The binding plugin creates the link (immutable path and socket name), in this empty-dir, to the real socket, and uses this link in the domainXML vhostuser interface.
This solves the issue observed with Live Migration.
This seems indeed to be the best solution, as there is already the basis to enable a new mount for this empty-dir for sidecar containers.
How long is drop using Live Migration?
How long is drop using Live Migration?
In our tests, we loose 2 ping packets during live migration, so around 2 seconds drop.
Hi, Just wondered what was needed to push this through?
@bgaussen Is this waiting for reviews of updates or is still in progress?
@bgaussen Is this waiting for reviews of updates or is still in progress?
@aburdenthehand, I updated de design proposal, with latest discussion we had. Waiting for reviews from @alicefr, @EdDev, @fabiand.
did this die?
did this die?
Hope it is not ! Waiting from community feedback, and how to proceed to go further.
By the way,
This design proposal aims at implementing a new network binding plugin to support vhostuser interfaces. This will allow fast userspace datapath when used with a userspace dataplane like OVS-DPDK or VPP.
Now that passt supports vhost-user operation, the integration in KubeVirt is in progress (one step here), and that will be another form of fast user-mode data path.
Perhaps this pull request (I didn't thoroughly go through all the commits, though) should mention this peculiarity ("hardware-attached"? "hardware direct"?) to avoid confusion.
How long is drop using Live Migration?
Also by the way, what we do in passt now is to save, migrate, and restore TCP queues using the TCP_REPAIR socket option. I guess one could do something similar with DPDK, eventually (migrating pending queue slots). I'm mentioning this because, as a step to enable passt migration, vhost-user-based migration of virtio-net back-ends was implemented in QEMU (https://patchew.org/QEMU/[email protected]/). A direct back-end could probably do something similar.
[APPROVALNOTIFIER] This PR is NOT APPROVED
This pull-request has been approved by: Once this PR has been reviewed and has the lgtm label, please assign vladikr for approval. For more information see the Code Review Process.
The full list of commands accepted by this bot can be found here.
Approvers can indicate their approval by writing /approve in a comment
Approvers can cancel approval by writing /approve cancel in a comment
Pull requests that are marked with lgtm should receive a review
from an approver within 1 week.
After that period the bot marks them with the label needs-approver-review.
/label needs-approver-review
Hi @bgaussen Thanks for the feature and design.
Can you please check the approach we did about the requested shared volume ? https://github.com/kubevirt/kubevirt/pull/14623
The PR refactors the current shared mount, in a way that each container will have a dedicated SubPath, and then in the new sidecar volumeMount you will be able to create a folder and your socket in it. Thanks
Hi @oshoval ,
Thank you for the VEP and its implementation!
Can you please check the approach we did about the requested shared volume ?kubevirt/kubevirt#14623
The PR refactors the current shared mount, in a way that each container will have a dedicated SubPath, and then in the new sidecar volumeMount you will be able to create a folder and your socket in it. Thanks
This looks good to me. Thank you for having made it generic for any binding plugin.

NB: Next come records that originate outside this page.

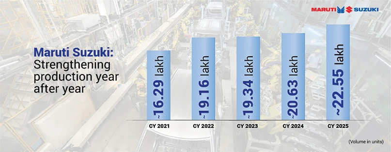 Maruti Suzuki India Limited has achieved its highest-ever annual production, manufacturing over 22.55 lakh vehicles in calendar year 2025. This marks the second consecutive year in which the company has surpassed the 20 lakh unit production milestone, underscoring its sustained manufacturing strength.
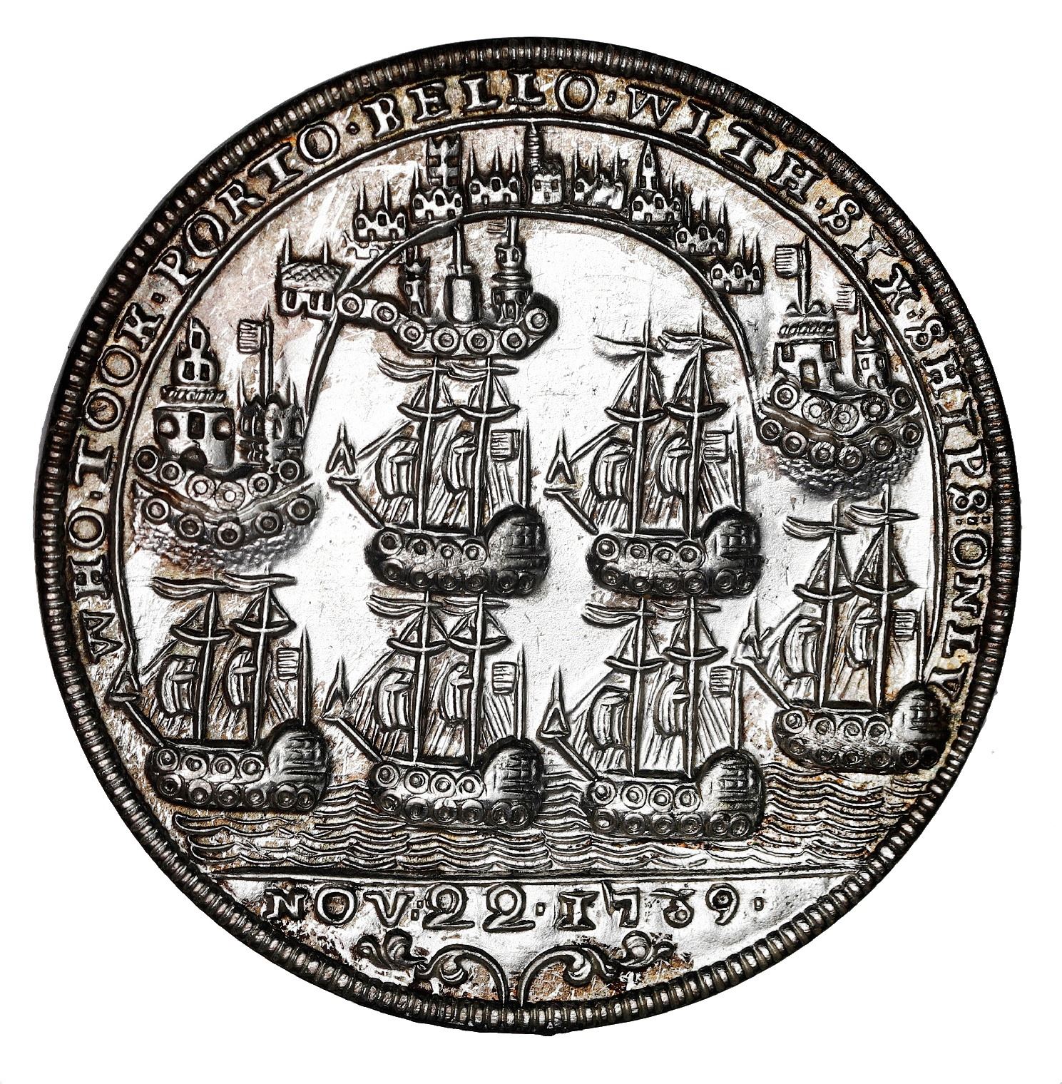 Great Britain, silver-plated copper alloy Admiral Vernon medal, 1739, Vernon and ship and cannon / Porto Bello, ex-Adams (plate). AC-PBvi23MM. 11.97 grams; 38 mm. Very bright UNC (the AC photo deceivingly dark) with discoloration at top where mount was removed, very sharply detailed from choice strike on a typically cast planchet that shows some light chasing and granularity in fields. XRF: 5.07% silver, 39.53% copper, 48.87% zinc, 5.34% lead. Pedigreed to the John Adams Collection (with his handwritten tag), plated on page 110 of Medallic Portraits of Admiral Vernon (2010), by Adams and Chao, acquired from Spink & Son, Ltd (King St, London, with their original tags).
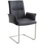 Dieser NOVEL Armlehnstuhl in Schwarz mit Leder begeistert Ihre Gäste gleichzeitig mit Komfort und seinem ansprechenden Äusseren. Das Beingestell ist aus gebürstetem Edelstahl gefertigt und sorgt so nicht nur für eine Belastbarkeit von bis zu 140 kg, sondern versprüht ebenso ein edles Flair in Ihrem Zuhause. Dieses wird vom Bezug aus pigmentiertem Echtleder zusätzlich unterstrichen.
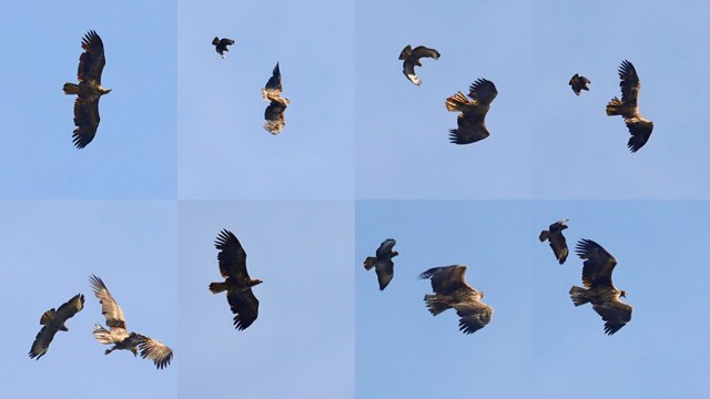 Henover Ørnereservatet oplever vi ofte musvåger der mobber både kongeørne og havørne: Foto PF Wenzel

Adapting our vhostuser binding implementation, getting the CONTAINER_NAME env and creating the sub directory in the hooks socket shared dir should be quite straightforward.
Hi Benoit
https://github.com/kubevirt/kubevirt/pull/14768 was merged
just need to get the sidecar's mount path + new env var CONTAINER_NAME as you said to determine the path on compute container,
and to create a new folder on the sidecar that will host the new data plane socket,
all info should be in the PR, please let us know if anything is missing / required.
Please note that path of Unix socket is limited to 108 bytes https://linux.die.net/man/7/unix we have enough extra bytes, and i believe it is known, just in case
Thank you
Thank you @oshoval for your great work.
We'll implement the new env CONTAINER_NAME + dir ASAP in our binding plugin and keep you updated.